He lay still on his makeshift bed, asleep.

Something stood over him. A figure.

Lightning flashed, and her eyes focused.

Beleth reached for her brother, and Lucy aimed her gun.

Chapter 76 – Lucy

 

"Get away from my brother." Lucy's finger pressed
against the trigger, ready to pull it if Beleth so much as twitched wrong.

But he didn't move. He maintained that annoying stillness
and appeared to be thinking of something. "Don't do anything hasty, Lucy.
I have a proposition for you."

Right.
Like anything he could offer her would make a
difference. The Seeker had tried that approach once. It didn't work then and it
wouldn't work now.

She inched closer and shouted at Luke. "Wake up! Wake
up." When he didn't move, she kicked him in the leg. "Come on,
Luke."

Luke moaned but still didn't wake. The smell of alcohol
seeped out of his pores and gagged Lucy. Drool pooled by his chin.

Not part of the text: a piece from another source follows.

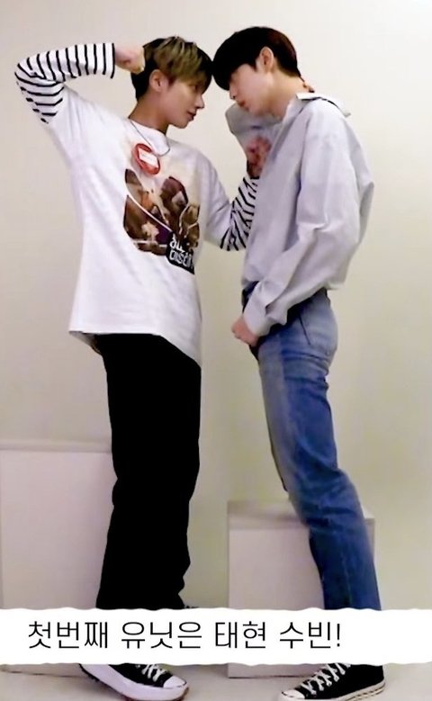 개높은 굽에 발꿈치까지 들어도 다리 벌린 최수빈보다 작은 강태현은..... 심각하게 귀여움..... 혼자 있으면 180이지만

If all the girls could see him now.
She was half
tempted to use her cell to capture this moment on camera. She would have too,
if for no other reason than to remind Luke what he looked like when he drank,
but she couldn't afford to take her eyes off of Beleth. The Show and Tell
lesson would have to wait.

"No need to wake him," Beleth said, "I just
wish to talk."

Uh-huh. Sure.
"Okay fine, I'll bite. What's your
offer?" She wasn't interested, but the more information she had on him,
the better.

Beleth walked around Luke to stand closer to Lucy.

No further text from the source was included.